The Cayman Islands offers a wide array of water sports – from deep-sea fishing to reef fishing, snorkelling, swimming with the stingrays, kayaking, waterskiing, jet-skiing, visiting Starfish Point, or just touring the islands by boat. Visitors line up for night tours of Bioluminescence Bay as well as daytime and night tours of local reefs and wrecks in the dry comfort of a submarine with large viewing windows.
The geography of the Cayman Islands makes it uniquely suited to just about every type of watersports (except perhaps surfing). Firstly, the three islands, Grand Cayman, Cayman Brac and Little Cayman, are particularly flat and low-lying. The highest point (The Bluff, Cayman Brac) is a mere 50m (164ft) above sea level. With no nearby large landmass, no large bodies of freshwater, no rivers and, consequently, no runoff into the sea, the waters around the islands have amazing clarity and provide perfect conditions for activities such as diving and snorkelling.
And while they might be flat and barely breaking the surface of the sea,
the three Cayman Islands are actually the peaks of an undersea mountain range, the Cayman Ridge, that is Himalayan in scale. If it was entirely on land, the Cayman Ridge and the Cayman Trough below would be over 7,600m (25,000ft) high and among the highest mountain peaks in the world.
The proximity of that deep trough and the rich abundance of marine life that lives in and around it has attracted watersports enthusiasts from around the world since 1957, when scuba pioneer, Bob Soto, opened the first Grand Cayman dive shop. Around 1,000 species of fish have been catalogued in the Caribbean Sea and there is no shortage of marine life. Species to look out for include flying fish, parrotfish, yellowtails, stingrays, moray eels, tarpon, the Atlantic Goliath grouper, and many types of small reef fish familiar to marine aquarium fans.
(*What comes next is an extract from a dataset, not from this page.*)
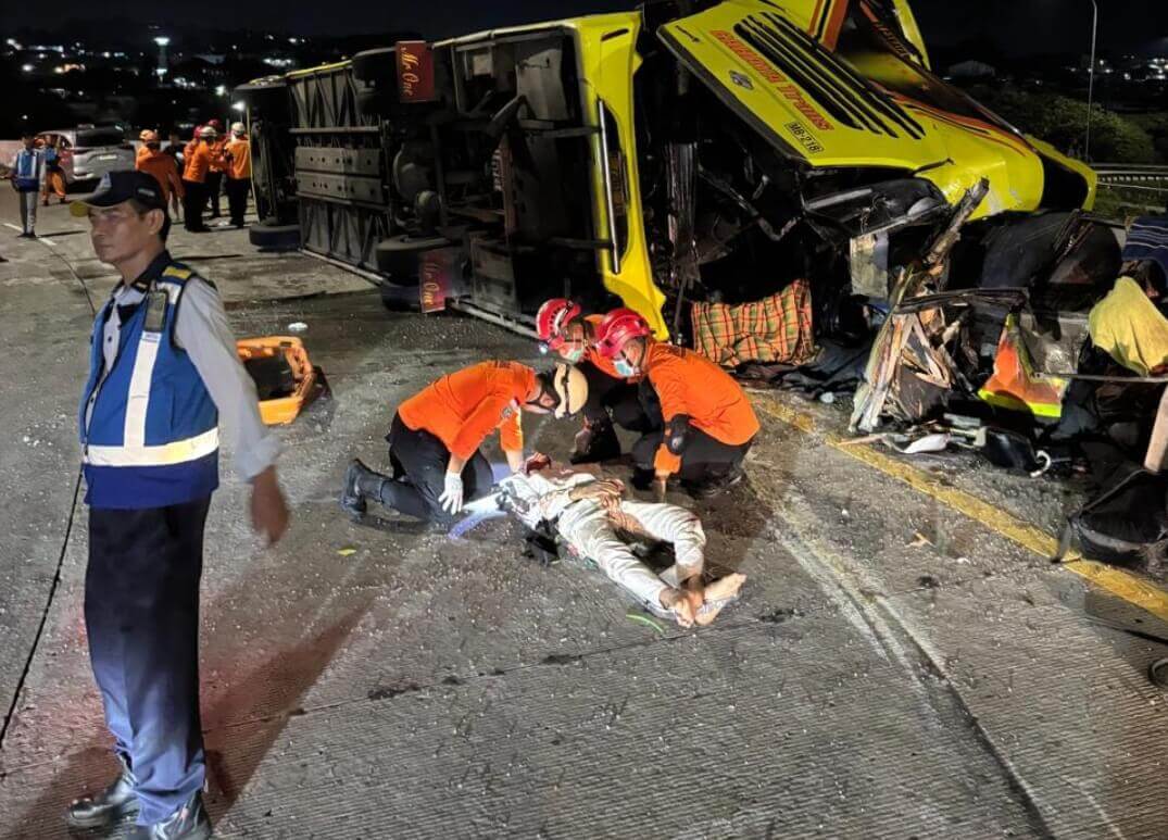 Tim SAR gabungan, yang terdiri dari Basarnas, kepolisian, petugas Jasa Marga, PMI, serta tenaga medis, segera bergerak ke lokasi untuk melakukan proses evakuasi. Petugas membutuhkan waktu cukup lama untuk mengevakuasi korban karena kondisi bus yang ringsek dan posisi kendaraan yang terguling di badan jalan tol.

There are bull shark, tiger shark, silky shark and Caribbean reef shark, three native species of turtle, crustaceans, invertebrates, nudibranchs, anemones, massive sponges and star corals and 90 species of mammals, including sperm whales, humpback whales and dolphins. That’s a LOT of underwater life to enjoy!
The Cayman Islands gets about 30% of its revenue from
tourism and most visitors arrive looking for fun and relaxation on the beaches and in the reef-protected clear, warm waters. Many Grand Cayman water sports
and dive shops and boat/equipment rental operators offer tours, training and equipment rental up to international standards. Group tours of local sights, such as the famous Stingray City and Cayman Turtle Centre are popular with the thousands of cruise liner passengers that arrive onshore in a seemingly endless stream.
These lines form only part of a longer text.